Hence it is no longer the absolute, the infinite Being, which these forms express. The ideas represented are borrowed from the circle of the finite. In sacred poetry, on the contrary, the idea of God is the only one which has a meaning by and for itself; created beings are, in His presence, vanishing existences, pure nothingness.

The idea-in order to find its faithful image and proper term of comparison in what is essentially limited-finite, must itself be of a finite nature.

Besides, though the image may be foreign to the idea, and chosen arbitrarily by the poet, still similitude constitutes a law of their relative conformity. There remains, then, in this form of art, but a single characteristic of the sublime: It is that the image, instead of truly representing the object or the idea in itself and in its reality, must present only a resemblance or comparison of it.

Thus this form of art constitutes a class which is inferior, but complete in itself. It attempts no more than to find and to describe some sensuous object, or a prosaic conception, the idea of which must be expressly distinguished from the image. Further, in works of art which are constructed entirely upon one theme, and of which the form presents an undivided whole -as, for example, in the noteworthy productions of Classic

and of Romantic art-such work of comparison can serve only for ornament and as an accessory.

If, then, we consider this form of art in its collective totality as partaking at once of the sublime and of the symbol― of the first, because it presents the separation of idea from form; of the second, because the symbol presents the combination of the two terms united by virtue of their affinity-we are not to conclude that it is, therefore, a more elevated form of art; it is rather a mode of conception-clear, it is true, but superficial; which, limited in its object, more or less prosaic in its form, departs from the mysterious depth of the symbol, and from the elevation of the sublime, only to sink to the level of ordinary thought.

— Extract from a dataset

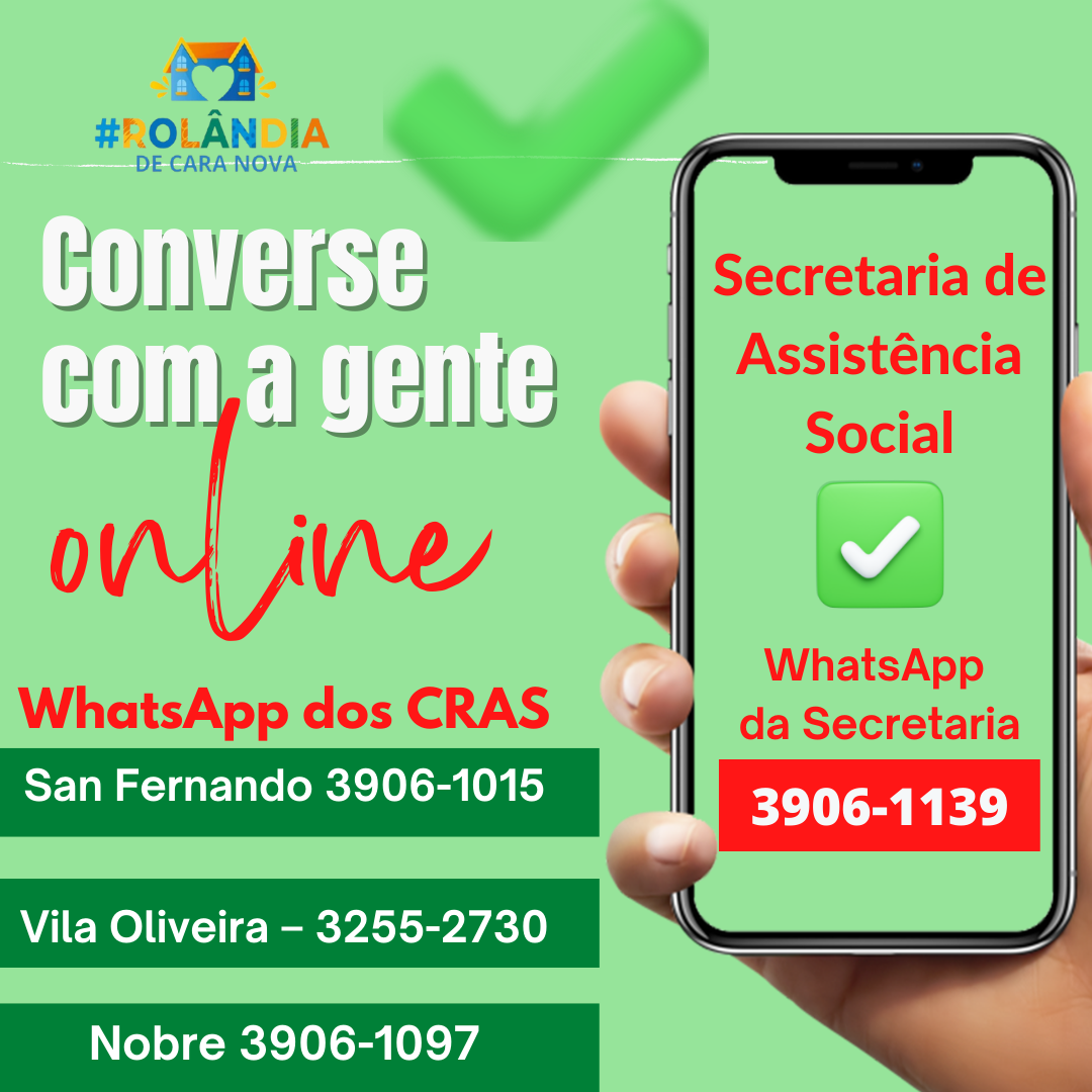 WHATS APP DA SECRETARIA DE ASSISTÊNCIA SOCIAL E DOS CRASA secretaria de Assistência Social informa que pode ser contactada pelo WhatsApp 3906-1139. A população também pode consultar os CRAS por essa plataforma.WhatsApp dos CRAS:San Fernando 390...

II. DIVISION.-The mode of division in this sphere is based invariably upon an idea, to which is related a sensuous image. But, though the idea may be the chief thing, still there is always a distinction here which must serve as our basis; and this is that sometimes the idea, sometimes the image, serves as point of departure. Whence we can establish two principal divisions:

1. In the first, the sensuous image-and this may be a natural phenomenon or a circumstance borrowed from human life-constitutes at once the point of departure and the essential phase of the representation. This image, it is true, is presented only because of the general idea; but comparison is not therein expressly announced as the end which the artist proposes to himself. It is not a simple decoration in a work which might do without such ornaments; its ambition is rather to constitute a totality complete in itself. In this species we may note the following varieties, viz.: The Fable, the Parable, the Apologue, the Proverb, and the Metamorphosis.

2. In the second division the idea is the first term which presents itself to the mind. The image is only accessory; it has no independence, and appears to us entirely subordinated to the idea. Thus the arbitrary will of the artist, who has fixed his choice upon this image, and not upon another, nevertheless appears. It is scarcely possible that this species of

representation should produce independent works of art; it must be content with incorporating its forms, as simple accessories, with other productions of art. As its principal varieties we can admit: the Enigma, the Metaphor, the Image, and the Comparison.

3. In the third place, finally, we may mention, by way of appendix, Didactic Poetry and Descriptive Poetry.

In the first of these classes of poetry, indeed, the idea is developed in itself, in its generality, such as consciousness seizes it in its rational clearness. In the second, the representation of objects under their sensuous form is, in itself, the end; whence are found to be completely separated the two elements, of which the perfect combination and fusion. produce genuine works of art.

Now, the separation of the two elements which constitute a work of art entails this consequence: That the different forms which find their place in this circle belong almost wholly to that art whose mode of expression is speech. Poetry alone, indeed, can express this distinction and this independence of the idea from the form; while it is in the nature of the figurative arts to manifest the idea in its external form as such.

I. Comparisons which Commence with the Sensuous Image.

1. The Fable.-2. The Parable, the Proverb, and the Apologue.-3. Metamorphoses.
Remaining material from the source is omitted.